Biz dahi alırdık otuza kırka."

(Yunus Emre)

Dervişlik nedir?

Kelime Farsça'dan dilimize geçmiştir. Köküne bakacak olursak, derviz “der-kapı, viz-gezen,tozan" anlamına gelir ve lügâtta bu şekilde anlamlandırılır. Asıl kullanılan manası ise, bir kâmil mürşide biatını veren ve seyru süluka başlayan kişidir. Peygamber efendimiz “Ben fakrımla övünürüm” der.

Derviş fakir ehlidir. Hz. Ali'de (Ra) konuyla ilgili şöyle söyler: “Yokluk, insanın kendi nefsine müstakil bir benlik izafe etmemesidir, varlığın hakka ait olduğunu bilmesidir. Ey derviş! Bil ve uyanık ol ki evvela Şeriat kelimesini, ikinci olarak Tarikat kelimesini üçüncü olarak Hakikat kelimesini dördüncü olarak Marifet kelimesini bilmek gerek. Eğer bir kişi sufi ise bunları bilmez ise sufi değildir.”

Bu yol aşk yoludur. Riya sahipleri bu yola gelemez. Kibr evinden çıkmayan derviş olamaz. Benliği terk etmeden, melamet ehli olup kınanmaktan korkmadan, peygamber efendimizin avlusunda yaşayan malsız mülksüz ashabı suffe misali yanınca olup dünyadan yüz çevirmeden dervişe dönülmez.

Günümüzde insanlarının da artık kibir ve hırs gibi iki büyük düşmanı var. Bu nedenledir ki dünyaya sırtlarını çeviremezler ve bu yüzdendir ki ibadetlerini yerine getiremediklerini söylerler ve hiç boş vakitleri yoktur. Bu doğru Müslümanın boş vakti yoktur. Fakat günümüz insanının dediği “yoğunluk” Müslüman insanın yoğunluğu değildir. Müslüman insan hayırlı işler ile meşgul olarak boş zamanını doldurur. Dervişlerin bu konudaki görüşleri az önce de belirttiğim gibi insanın dünyadan uzaklaşıp Allah’a yakınlaşması ile olur. Dervişlerin dünya yoğunluğu Allah ile meşguliyetle mevcut duruma gelir. Peygamber efendimiz de insanların boş vakitlerini doldurmalarını öğütlemiştir.

Şu hadisle aydınlanalım;

“İki nimet vardır ki, insanların çoğu bu nimetleri kullanmakta aldanmıştır: Sıhhat ve boş vakit.”

Ve ekleyelim;

“Beş şey gelmeden önce beş şeyin değerini çok iyi bilmelisin, ihtiyarlığından önce gençliğinin, hastalığından önce sağlığının, yokluğundan önce varlığının, meşguliyetinden önce boş vaktinin ve ölümünden önce hayatının.”
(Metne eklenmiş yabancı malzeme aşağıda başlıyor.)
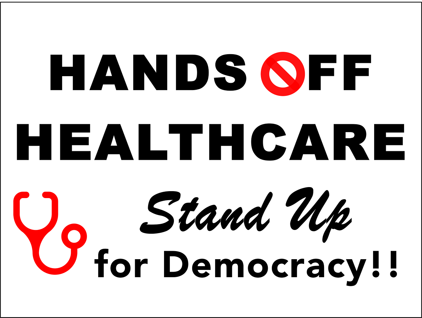 SIGN: “HANDS OFF HEALTHCARE. Stand Up for Democracy.” 24”x18” landscape orientation. CLICK HERE to download the full size files.
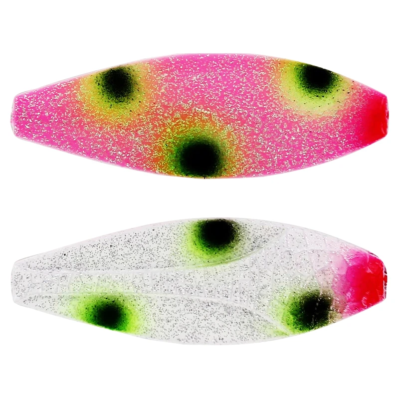 Dieser Durchlaufköder wurde entwickelt, um mehr Fische zu fangen. Außerdem verringert sich die Anzahl der Aussteiger im Drill! Er ist ein Weitwurfköder und hat einen unregelmäßigen Lauf, der auch weiter entfernte Fische anlockt. Bei einem Spinnstopp dreht sich der Köder im die eigene Achse und lockt so noch mehr Forellen an.Die 18g- und 28g-Versionen sind für das Spinnangeln auf Meerforelle an der Küste ausgelegt. Selbst bei starkem Wind wird eine erstaunliche Wurfweite erzielt aber trotzdem kann der Köder in sehr flachen Gewässerbereichen eingesetzt werden. Während der Testphase mit dem Serienmuster fing eines unserer Teammitglieder eine schöne Strecke. Große Forellen, allein fünf silberblanke Schönheiten von über 3 kg – und dass innerhalb von nur fünf Stunden!Montagetipp: Nach dem Durchfädeln der Schnur durch den Köder, eine kleine runde oder ovale Perle auffädeln, und dann einen Einzelhaken oder Drilling anknoten. Die Perle schützt den Knoten vor Beschädigung. Soll sich der Haken frei bewegen können, empfehlen wir die Verwendung eines ovalen Sprengrings. Zuerst den Sprengring im Hakenöhr befestigen Dann die Schnur an dem Ende des Sprengrings anknoten, an dem der Draht des Sprengrings doppelt liegt.BleifreiMaterial: ZinkDrei Perlen und ein ovaler Sprengring im LieferumfangDurchlaufköder – weniger Aussteiger im DrillDesigned & entwickelt von Westin, 3450 Allerød, DänemarkNaturgetreu handbemaltLänge: 4,5cmGewicht 5,5g
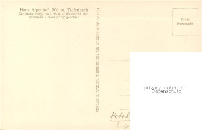 73710617 Tiefenbach Oberstdorf Haus Alpenhof postalisch nicht gelaufen Erhaltung siehe scans [WerneD78] KatCode: 11110009780133
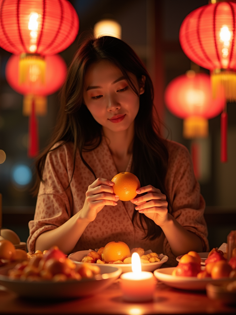 an incredibly attractive model during Chinese New Year evening celebrations, surrounded by glowing red lanterns, preparing for family reunion dinner with mandarin oranges and traditional foods on a beautifully decorated table
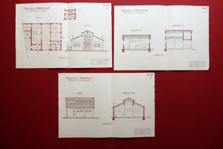 Tre tavole, Comune di Bastiglia progetto di Macello tre tavole realizzate a mano con pianta e spaccati dell'edificio scala 1:100 S. d. ma primo Novecento circa; tre tavole a colori relative a un progetto di edificazione di macello nel comune di Bastiglia (provincia di Modena), con spaccati e pianta dell'edificio. Tutte e tre le tavole di cm 27x40. Condizioni di conservazione Tutte in buone condizioni con normale piega longitudinale per conservazione, margine sinistro con traccia di piega, margine destro con poche minuscole irregolarità. Per ulteriori dettagli vedi foto. Tre belle tavole a colori relative al suddetto progetto, numerate II-III-IV. Tutte recano il timbro del realizzatore Paolo Martinelli - Studio Tecnico - Modena". SC03.D18719 N "
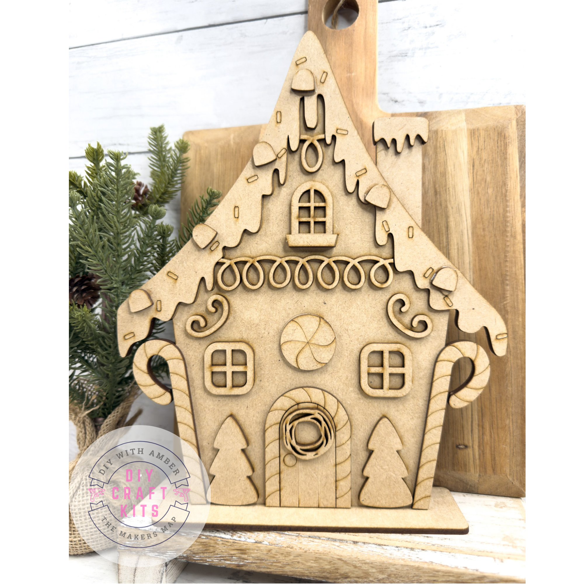 This gingerbread house comes unfinished and ready to decorate, making it an ideal holiday project for families, crafters, or festive workshop activities. Display it on your mantel, shelf, or holiday table for a whimsical touch of Christmas cheer.
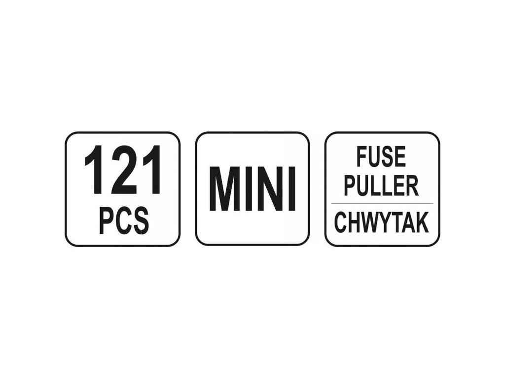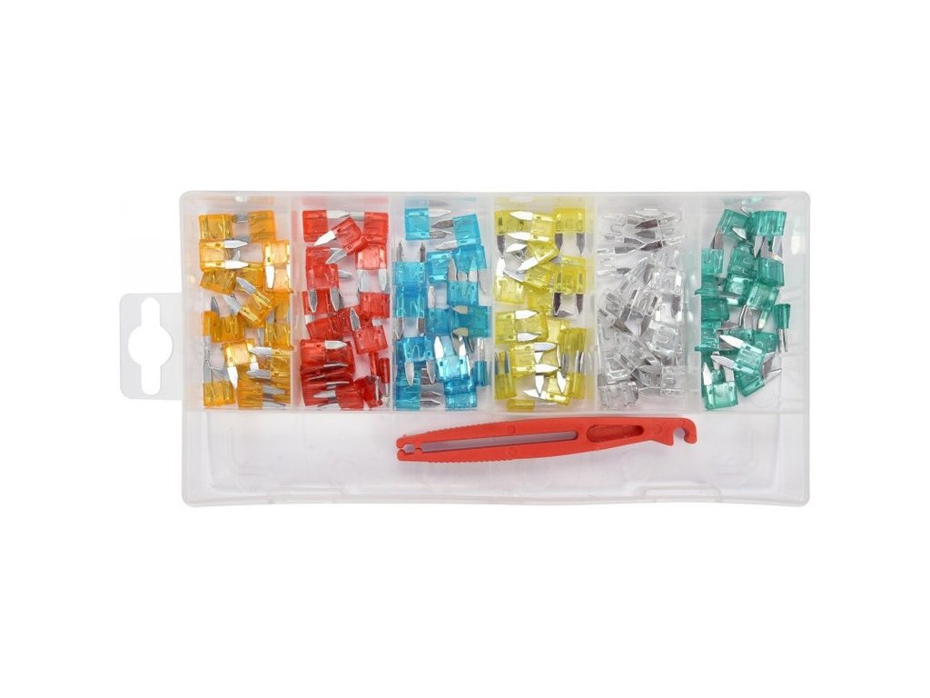 Obsah sady: • 20 ks: 5 A • 20 ks: 10 A • 20 ks: 15 A • 20 ks: 20 A • 20 ks: 25 A • 20 ks: 30 A • 1 ks: spona na vytiahnutie poistky
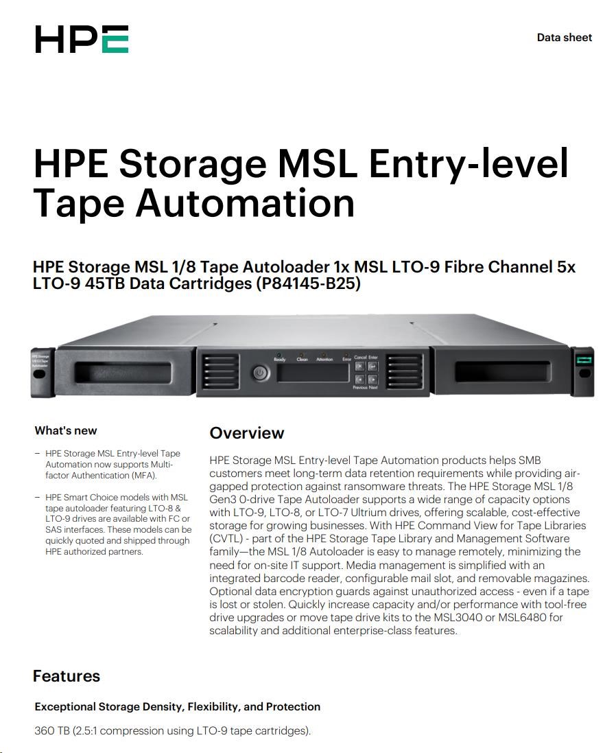 HPE Storage MSL 1/8 Tape Autoloader 1x MSL LTO-9 Fibre Channel 5x LTO-9 45TB Data Cartridges

Sonuç olarak da şunları aktaralım; Sağlık ve boş vakit, mücâhede yolunda değerlendirildiği ölçüde kazanılmış olur. Aksi halde bütünüyle kaybedilmiş demektir. Zira geçen hiçbir saniyenin geri döndürülmesi mümkün değildir. “Vakit kılıçtır” dikkat edilmezse insanı biçer. Sağlık da değeri elden çıktıktan sonra anlaşılan bir nimettir.

Bu iki nimeti Allah’a yakınlık yolunda kullanmakta dikkatli ve titiz olmak, bunları değerlendirmede başarılı olamayan çoğunluk içinden yakayı sıyırıp mücâhedeyi kazanmak için ilk ve temel şarttır. Hepimiz bu hayatta aslında bir dervişiz zamanı nasıl kullandığımız önemli.

Ne demiş Aşık Yunus "Mal da yalan, mülk de yalan, gel biraz da sen oyalan."